(Data entries)
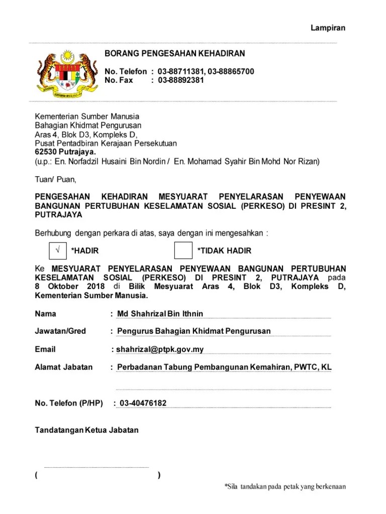 Contoh surat sumbangan hari keluarga contoh surat. Contoh surat pengesahan majikan jawatan pekerja. Contoh surat rasmi kepada jabatan . Surat pengesahan kehadiran aktiviti gerak tari prasekolah 1malaysia pejabat pendidikan daerah keningau tahun 2013. Surat pengesahan kelulusan rae taman bukit angkasa msh. Sila rujuk jadual yang telah ditetapkan seperti di dalam iklan portal spa. Contoh surat rasmi kepada jabatan imigresen grills zubehor. Panduan pengurusan rekod sistem kehadiran murid baharu. Contoh surat pengesahan ibu tidak bekerja. Format dari setiap lembar pengesahan . Contoh surat pengesahan pekerja asing. Dengan !egala hrmatn%a !a%a diarah . Contoh surat tawaran kerja pekerja am cute766.
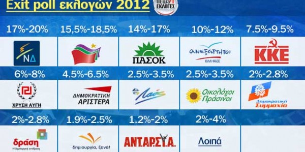 Βάσει των πρώτων προγνωστικών (…) τα κόμματα της λιτότητας, η συντηρητική ΝΔ και το σοσιαλιστικό ΠΑΣΟΚ τιμωρήθηκαν βαριά. Μπορεί η ΝΔ να είναι πιθανότατα η πρώτη δύναμη στο νέο κοινοβούλιο, ωστόσο στη δεύτερη θέση ακολουθεί το ακροαριστερό ΣΥΡΙΖΑ το οποίο θέλει να επαναδιαπραγματευτεί όλες τις συμφωνίες της Ελλάδας με τους πιστωτές της. (…)
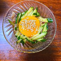- 4 器に盛り付け卵黄をのせ、白いりごま、糸唐辛子を散らしたら出来上がりです。
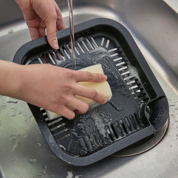 受け皿に水を入れることで油をキャッチし、煙が出ない構造に。
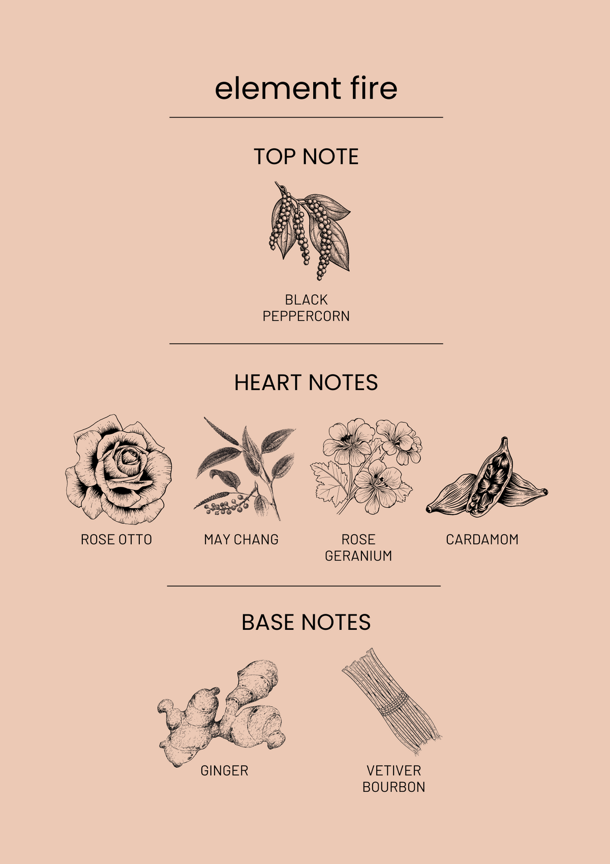 A warm functional fragrance, with the spicy note of Black Pepper, fresh florals of Rose Otto, May Chang, Rose Geranium, and the zesty undertones of Cardamom, Ginger, and Vetiver Bourbon. This water-based fragrance was designed to enhance confidence and stimulate energetic flow.

# WORK TASK
Repeat the records word for word. Leave out whatever pictures they hold.

# TASK OUTPUT
 Contoh surat sumbangan hari keluarga contoh surat. Contoh surat pengesahan majikan jawatan pekerja. Contoh surat rasmi kepada jabatan . Surat pengesahan kehadiran aktiviti gerak tari prasekolah 1malaysia pejabat pendidikan daerah keningau tahun 2013. Surat pengesahan kelulusan rae taman bukit angkasa msh. Sila rujuk jadual yang telah ditetapkan seperti di dalam iklan portal spa. Contoh surat rasmi kepada jabatan imigresen grills zubehor. Panduan pengurusan rekod sistem kehadiran murid baharu. Contoh surat pengesahan ibu tidak bekerja. Format dari setiap lembar pengesahan . Contoh surat pengesahan pekerja asing. Dengan !egala hrmatn%a !a%a diarah . Contoh surat tawaran kerja pekerja am cute766.
 Βάσει των πρώτων προγνωστικών (…) τα κόμματα της λιτότητας, η συντηρητική ΝΔ και το σοσιαλιστικό ΠΑΣΟΚ τιμωρήθηκαν βαριά. Μπορεί η ΝΔ να είναι πιθανότατα η πρώτη δύναμη στο νέο κοινοβούλιο, ωστόσο στη δεύτερη θέση ακολουθεί το ακροαριστερό ΣΥΡΙΖΑ το οποίο θέλει να επαναδιαπραγματευτεί όλες τις συμφωνίες της Ελλάδας με τους πιστωτές της. (…)
- 4 器に盛り付け卵黄をのせ、白いりごま、糸唐辛子を散らしたら出来上がりです。
 受け皿に水を入れることで油をキャッチし、煙が出ない構造に。
 A warm functional fragrance, with the spicy note of Black Pepper, fresh florals of Rose Otto, May Chang, Rose Geranium, and the zesty undertones of Cardamom, Ginger, and Vetiver Bourbon. This water-based fragrance was designed to enhance confidence and stimulate energetic flow.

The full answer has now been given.